Every line of the entries below that carries the string "with" should be copied.

INFORMATION SHOWN Block Start

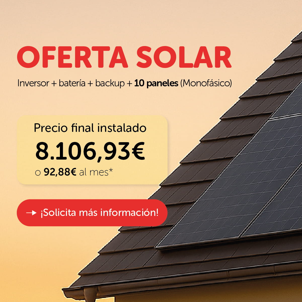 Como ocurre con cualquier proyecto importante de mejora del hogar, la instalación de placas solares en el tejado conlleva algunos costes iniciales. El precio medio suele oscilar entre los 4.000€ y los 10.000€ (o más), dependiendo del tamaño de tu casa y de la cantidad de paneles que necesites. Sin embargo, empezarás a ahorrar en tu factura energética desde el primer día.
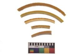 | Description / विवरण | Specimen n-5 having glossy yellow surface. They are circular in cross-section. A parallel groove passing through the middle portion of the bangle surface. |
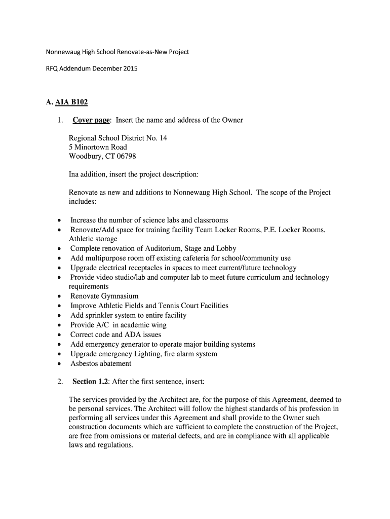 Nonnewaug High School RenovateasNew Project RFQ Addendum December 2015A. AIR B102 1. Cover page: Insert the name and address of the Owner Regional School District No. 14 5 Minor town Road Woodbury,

INFORMATION SHOWN Block End
INFORMATION SHOWN Block Start

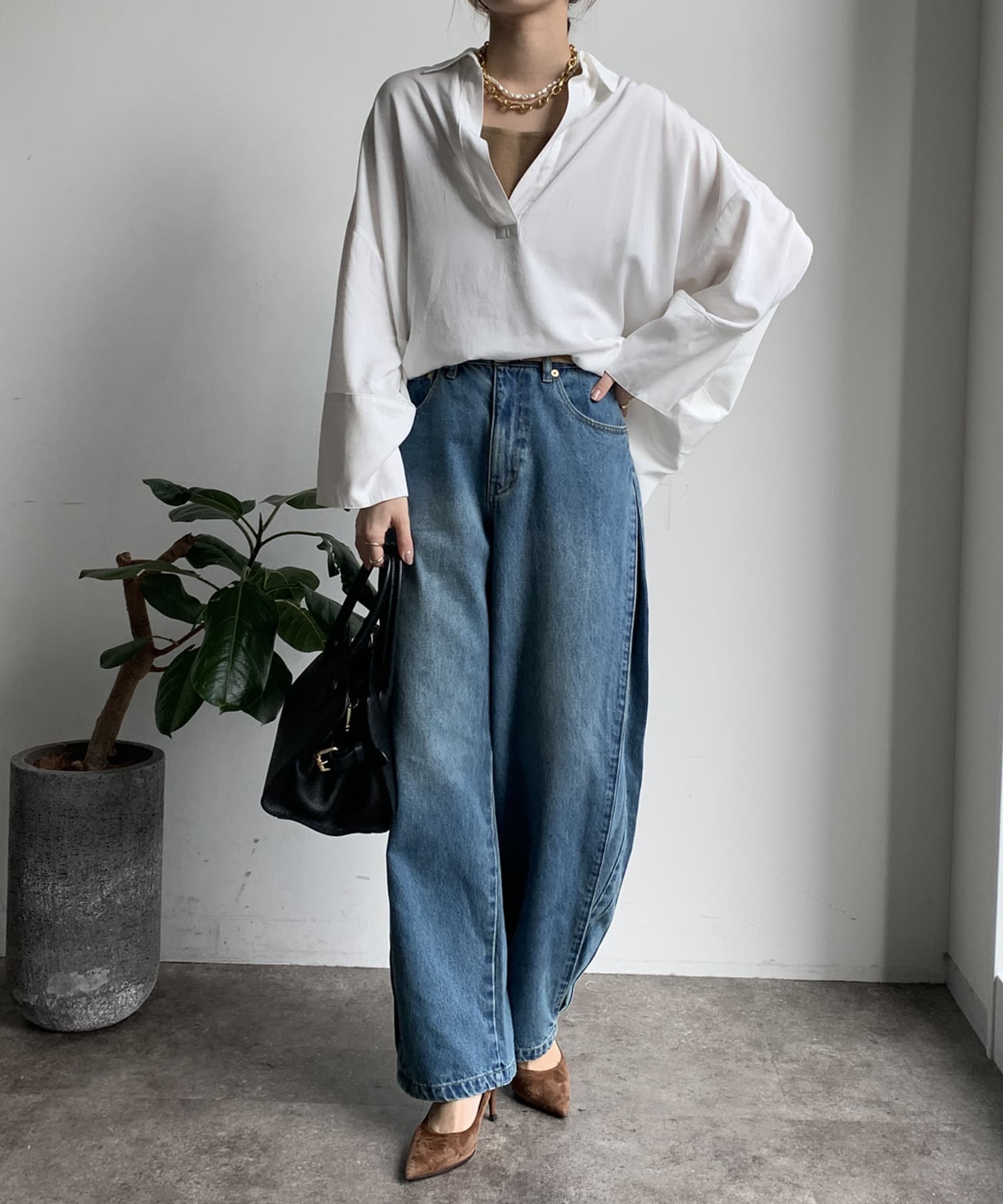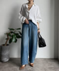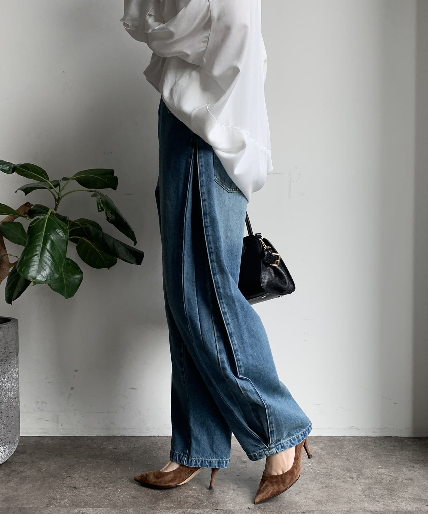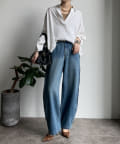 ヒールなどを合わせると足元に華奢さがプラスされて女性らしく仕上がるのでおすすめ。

INFORMATION SHOWN Block End
INFORMATION SHOWN Block Start

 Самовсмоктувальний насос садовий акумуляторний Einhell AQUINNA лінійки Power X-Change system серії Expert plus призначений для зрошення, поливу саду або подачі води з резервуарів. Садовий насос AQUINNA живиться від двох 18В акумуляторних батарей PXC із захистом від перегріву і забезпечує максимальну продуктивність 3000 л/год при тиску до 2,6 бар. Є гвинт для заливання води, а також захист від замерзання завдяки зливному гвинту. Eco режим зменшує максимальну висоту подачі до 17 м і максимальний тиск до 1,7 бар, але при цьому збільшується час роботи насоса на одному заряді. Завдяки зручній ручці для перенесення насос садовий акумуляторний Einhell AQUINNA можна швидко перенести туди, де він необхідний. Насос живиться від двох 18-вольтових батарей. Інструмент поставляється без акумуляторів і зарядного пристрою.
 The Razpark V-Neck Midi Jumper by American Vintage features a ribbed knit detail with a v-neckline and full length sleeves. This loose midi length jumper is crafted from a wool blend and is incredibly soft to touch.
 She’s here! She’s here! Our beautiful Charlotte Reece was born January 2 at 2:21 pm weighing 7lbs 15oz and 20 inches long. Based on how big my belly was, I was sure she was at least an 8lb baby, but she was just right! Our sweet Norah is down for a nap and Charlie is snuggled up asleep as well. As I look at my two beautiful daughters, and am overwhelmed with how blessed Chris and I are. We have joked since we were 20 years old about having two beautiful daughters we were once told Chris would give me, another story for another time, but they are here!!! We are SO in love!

INFORMATION SHOWN Block End

## REPLY
 The Razpark V-Neck Midi Jumper by American Vintage features a ribbed knit detail with a v-neckline and full length sleeves. This loose midi length jumper is crafted from a wool blend and is incredibly soft to touch.
 She’s here! She’s here! Our beautiful Charlotte Reece was born January 2 at 2:21 pm weighing 7lbs 15oz and 20 inches long. Based on how big my belly was, I was sure she was at least an 8lb baby, but she was just right! Our sweet Norah is down for a nap and Charlie is snuggled up asleep as well. As I look at my two beautiful daughters, and am overwhelmed with how blessed Chris and I are. We have joked since we were 20 years old about having two beautiful daughters we were once told Chris would give me, another story for another time, but they are here!!! We are SO in love!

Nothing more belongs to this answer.